The vector \(x \in \mathbb{R}^N\) represents a multi-dimensional array (e.g, an image \(X \in \mathbb{R}^{N_1 \times N_2}\) with \(N = N_1 \times N_2\)). Both variables are related through vectorization , i.e., \(x = \texttt{vec}(X)\).

1D Measurements

We instantiate a measurement operator from a matrix of shape (10, 15).

import torch
from spyrit.core.meas import Linear

H = torch.randn(10, 15)
meas_op = Linear(H)

We consider 3 signals of length 15

x = torch.randn(3, 15)

We apply the operator to the batch of images, which produces 3 measurements of length 10

m = meas_op(x)
print(m.shape)
torch.Size([3, 10])

We now plot the matrix-vector products

from spyrit.misc.disp import add_colorbar, noaxis
import matplotlib.pyplot as plt

f, axs = plt.subplots(1, 3, figsize=(10, 5))
axs[0].set_title("Forward matrix H")
im = axs[0].imshow(H, cmap="gray")
add_colorbar(im, "bottom")

axs[1].set_title("Signals x")
im = axs[1].imshow(x.T, cmap="gray")
add_colorbar(im, "bottom")

axs[2].set_title("Measurements m")
im = axs[2].imshow(m.T, cmap="gray")
add_colorbar(im, "bottom")

noaxis(axs)
# sphinx_gallery_thumbnail_number = 1
Forward matrix H, Signals x, Measurements m
/home/docs/checkouts/readthedocs.org/user_builds/spyrit/envs/3.1.1/lib/python3.11/site-packages/matplotlib/cbook.py:684: DeprecationWarning: __array__ implementation doesn't accept a copy keyword, so passing copy=False failed. __array__ must implement 'dtype' and 'copy' keyword arguments. To learn more, see the migration guide https://numpy.org/devdocs/numpy_2_0_migration_guide.html#adapting-to-changes-in-the-copy-keyword
  x = np.array(x, subok=True, copy=copy)
/home/docs/checkouts/readthedocs.org/user_builds/spyrit/envs/3.1.1/lib/python3.11/site-packages/matplotlib/cbook.py:684: DeprecationWarning: __array__ implementation doesn't accept a copy keyword, so passing copy=False failed. __array__ must implement 'dtype' and 'copy' keyword arguments. To learn more, see the migration guide https://numpy.org/devdocs/numpy_2_0_migration_guide.html#adapting-to-changes-in-the-copy-keyword
  x = np.array(x, subok=True, copy=copy)
/home/docs/checkouts/readthedocs.org/user_builds/spyrit/envs/3.1.1/lib/python3.11/site-packages/matplotlib/cbook.py:684: DeprecationWarning: __array__ implementation doesn't accept a copy keyword, so passing copy=False failed. __array__ must implement 'dtype' and 'copy' keyword arguments. To learn more, see the migration guide https://numpy.org/devdocs/numpy_2_0_migration_guide.html#adapting-to-changes-in-the-copy-keyword
  x = np.array(x, subok=True, copy=copy)

2D Measurements

We load a batch of images from the /images/ folder. Using the transform_gray_norm() function with the normalize=False argument returns images with values in (0,1).

import os
import torchvision
from spyrit.misc.statistics import transform_gray_norm

spyritPath = os.getcwd()
imgs_path = os.path.join(spyritPath, "images/")
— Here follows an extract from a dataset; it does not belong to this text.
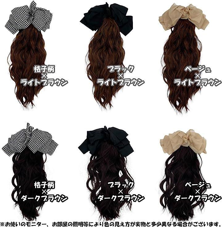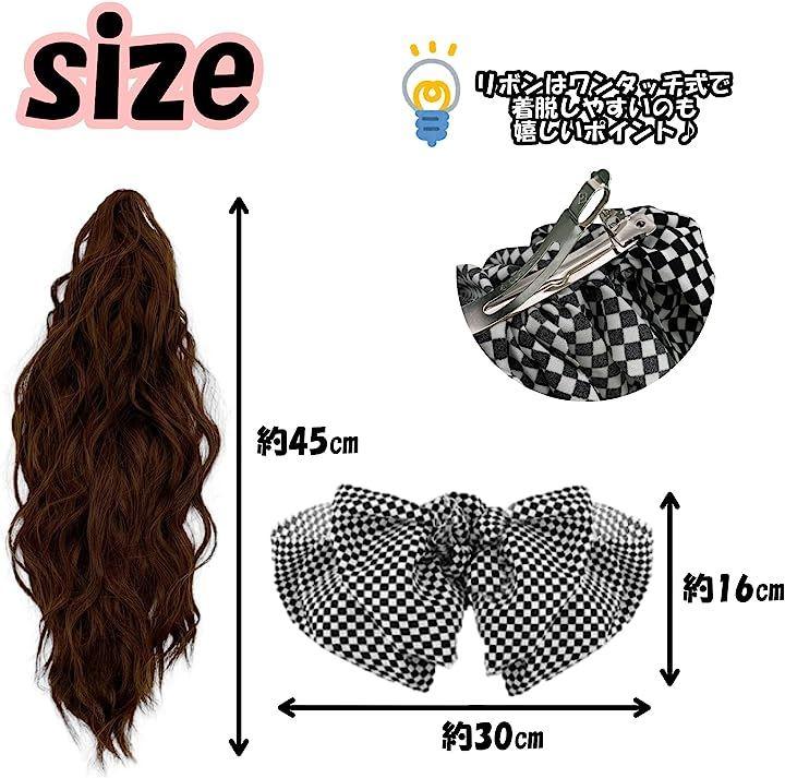 ・取り外し可能な大きなリボン付きのクリップ式ポニーテールウィッグ。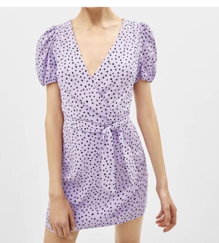 Бузкова сукня в горох від Bershka. Розмір С. Є маленький дефект на поясі (див. фото), можна зашити.

# Grayscale images of size (32, 32), no normalization to keep values in (0,1)
transform = transform_gray_norm(img_size=32, normalize=False)
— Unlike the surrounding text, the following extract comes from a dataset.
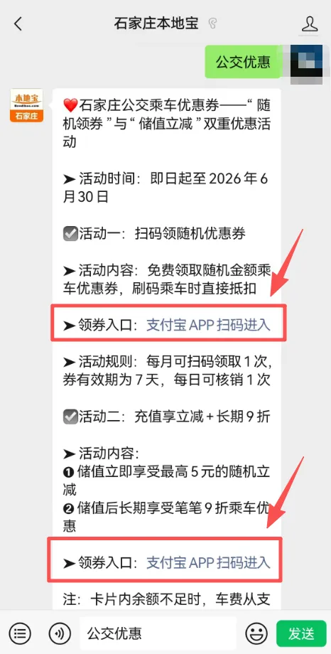 ✅也可关注【石家庄本地宝】公众号,私信回复【公交优惠】,即可获取领取入口

# Create dataset and loader (expects class folder :attr:'images/test/')
dataset = torchvision.datasets.ImageFolder(root=imgs_path, transform=transform)
dataloader = torch.utils.data.DataLoader(dataset, batch_size=7)

x, _ = next(iter(dataloader))

We crop the batch to get image of shape (9, 25).

x = x[:, :, :9, :25]
print(f"Shape of input images: {x.shape}")
Shape of input images: torch.Size([7, 1, 9, 25])

We plot the second image.

from spyrit.misc.disp import imagesc

imagesc(x[1, 0, :, :], "Image X")
Image X
/home/docs/checkouts/readthedocs.org/user_builds/spyrit/envs/3.1.1/lib/python3.11/site-packages/matplotlib/cbook.py:684: DeprecationWarning: __array__ implementation doesn't accept a copy keyword, so passing copy=False failed. __array__ must implement 'dtype' and 'copy' keyword arguments. To learn more, see the migration guide https://numpy.org/devdocs/numpy_2_0_migration_guide.html#adapting-to-changes-in-the-copy-keyword
  x = np.array(x, subok=True, copy=copy)

We instantiate a measurement operator from a random matrix with shape (10, 9*25). To indicate that the operator works in 2D, we use the meas_shape argument.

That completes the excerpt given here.